**Problem description:** Only the lines from the beginning of the data through the one with "Workcamp 2017 – Landschaftspflege in Tübingen" belong in the answer, each retyped exactly, with pictures left out.

**Exercise inputs:**
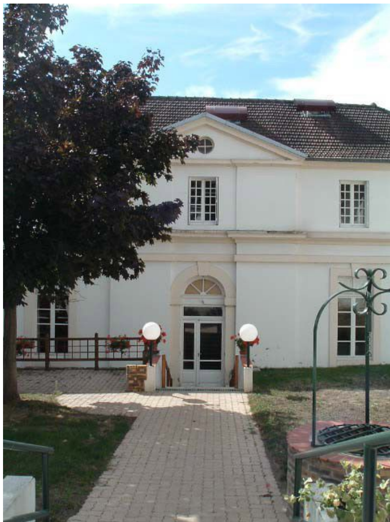
Bâtiment Dalivert (1781-1784), vue partielle de la façade antérieure, avant-corps central. 71, Montcenis Eglise
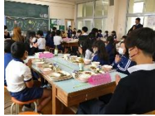
【小学生と高校生が交流】

令和7年12月12日（金曜日）、加西市内の全小中学校、特別支援学校において、有機農業で栽培されたお米等を使用した給食が提供されました。また、九会小学校では、児童に田植えや稲刈りを指導した播磨農業高等学校の生徒や、圃場を提供した三宅酒造(株)等を招待した給食試食会が行われました。
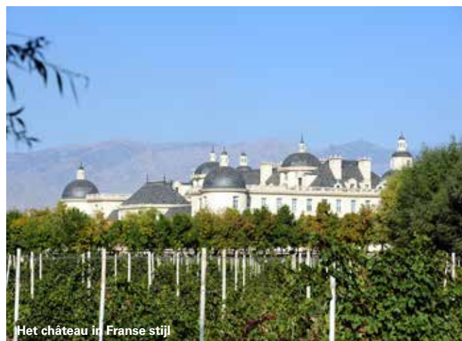
Het château in Franse stijl
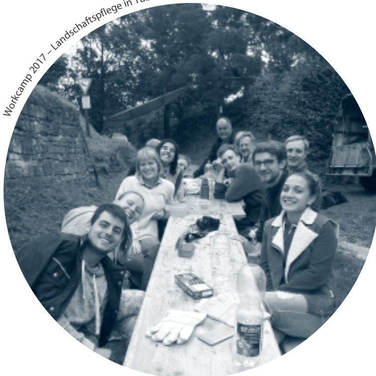
Workcamp 2017 – Landschaftspflege in Tübingen

Auch bei langfristigen Freiwilligendiensten mit einer Dauer von mindestens sechs Monaten bis zu einem Jahr unterstützen die allein oder zu zweit eingesetzten Freiwilligen gemeinnützige Projekte, bringen ihre Ideen und Fähigkeiten ein und übernehmen Verantwortung. Hierbei lernen sie die Lebens- und Arbeitsbedingungen in einem anderen Land aufgrund des längeren Aufenthaltes wesentlich intensiver kennen. Durch den besonders engen Austausch mit den Menschen vor Ort, in den Aufnahmeprojekten und mit den Gastfamilien entstehen persönliche Beziehungen, die alle Beteiligten bereichern und auch nach Beendigung
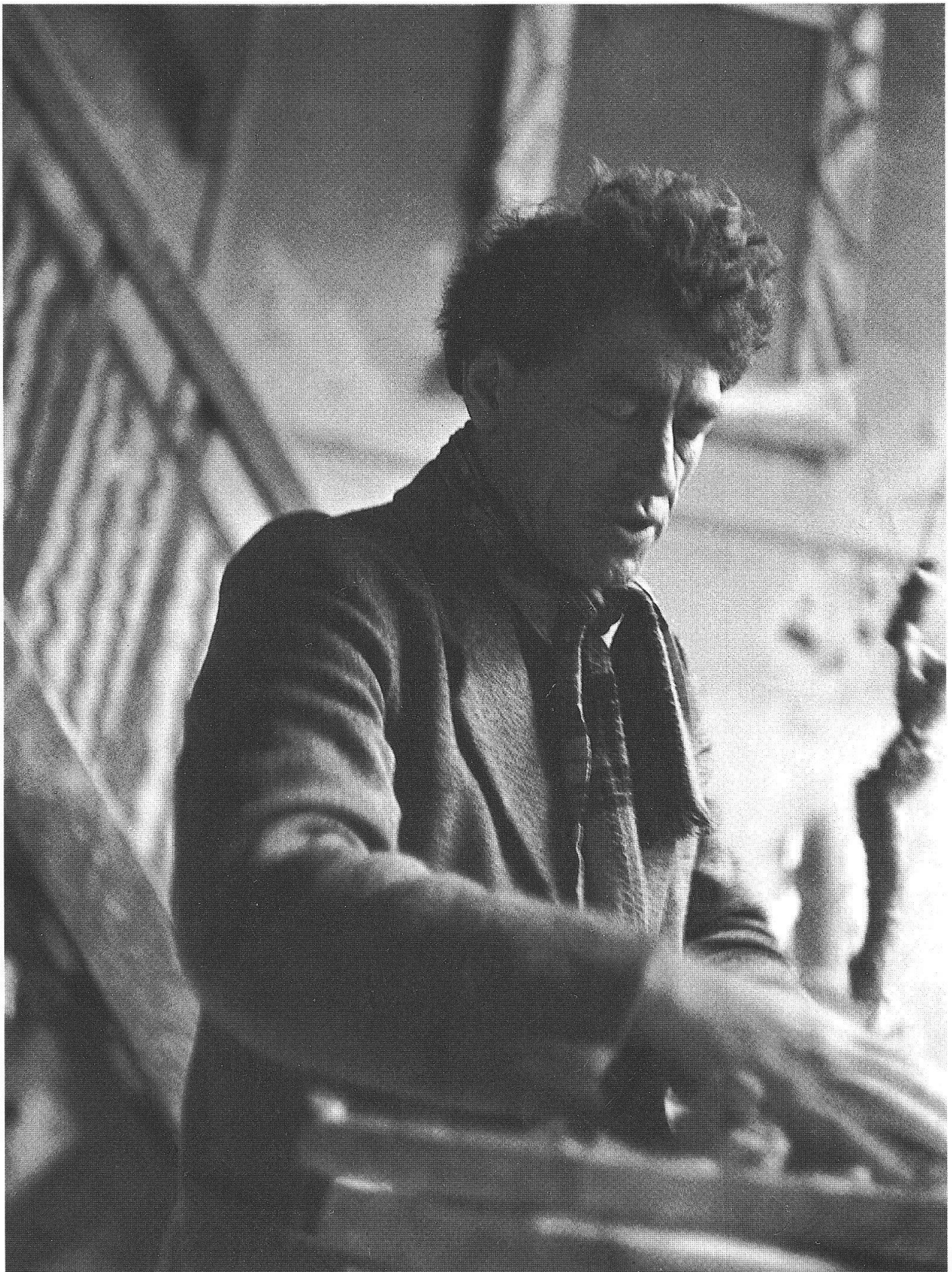
Alberto Giacometti, (manca la data)
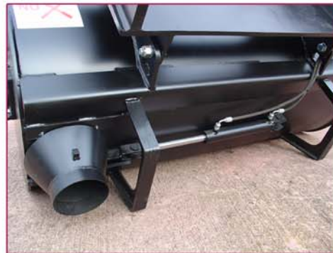
▲ Sistema de vaciado inferior Bottom discharging system
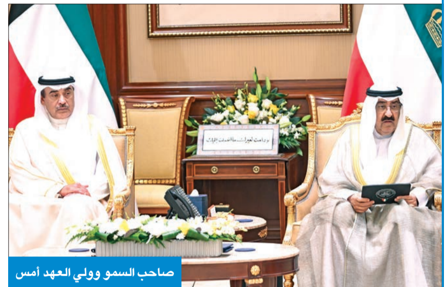
صاحب السمو وولي العهد أمس
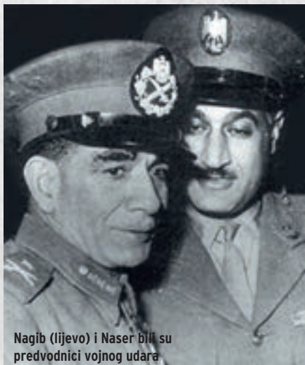
Nagib (lijevo) i Naser bili su predvodnici vojnog udara

Nezadovoljstvo se postupno proširilo na vojne krugove te je naposljetku artikulirano u skupini mlađih časnika egipatske vojske. Kao pripadnici Pokreta slobodnih časnika odlučili su preuzeti vlast u zemlji. Časnici su bili predvođeni vojnim instruktorom s vojne akademije u Kairu, Gamalom Abdelom Naserom. No, formalni vođa vojnog udara bio je ugledni general Muhamed Nagib. Naser je zahvaljujući svom vojnom položaju od 1949. okupljao časnike koji su bili nezadovoljni tadašnjim vojnim i političkim položajem Egipta te je u ljeto 1952. procijenio da je nezadovoljstvo monarhijom u egipatskoj javnosti doseglo kritičnu razinu.
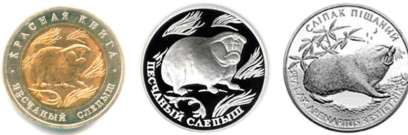
Рис. 7. Українська «сліпак» монета (2005) та її російські «попередники» 1994 та 1996 років.

Fig. 6. Comparison of Ukrainian "bison" coins with analogues, as "predecessors" as "followers". Top row: Russian 1994 and 1997, Ukrainian 2003; bottom row: Belarusian 2012 silver with a face value of "20 rubles", Belarusian 2012 gold with diamonds with a face value of "20 rubles", Polish 2013 with a face value of "2 zloty".
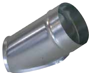
Piquage Oblique Circulaire 45°

Le piquage oblique circulaire permet de réaliser un piquage à 45° sur un conduit circulaire galvanisé.
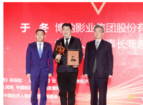
博纳影业集团董事长于冬出席颁奖典礼
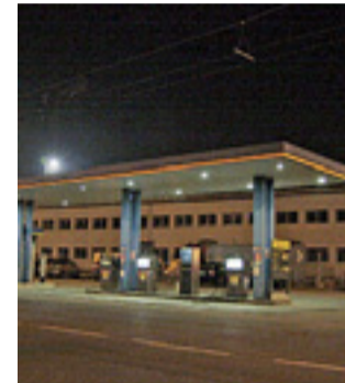
Il distributore rapinato venerdì

Paura tra i commercianti del quartiere dopo i recenti episodi di violenza. «Al tramonto siamo costretti a chiudere a chiave le porte dei negozi».
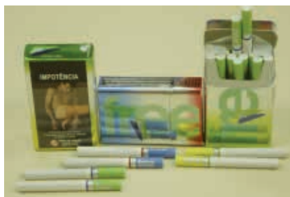
Figura 9 - Cigarros da marca Free de filtros coloridos em embalagens metálicas coloridas em tons néons

As figuras a seguir (9, 10, 11, 12, 13, 14, 15) ilustram as inovações nas embalagens de cigarros e seu posicionamento em pontos de venda no Brasil.

**Task response:**
Bâtiment Dalivert (1781-1784), vue partielle de la façade antérieure, avant-corps central. 71, Montcenis Eglise
【小学生と高校生が交流】

令和7年12月12日（金曜日）、加西市内の全小中学校、特別支援学校において、有機農業で栽培されたお米等を使用した給食が提供されました。また、九会小学校では、児童に田植えや稲刈りを指導した播磨農業高等学校の生徒や、圃場を提供した三宅酒造(株)等を招待した給食試食会が行われました。
Het château in Franse stijl
Workcamp 2017 – Landschaftspflege in Tübingen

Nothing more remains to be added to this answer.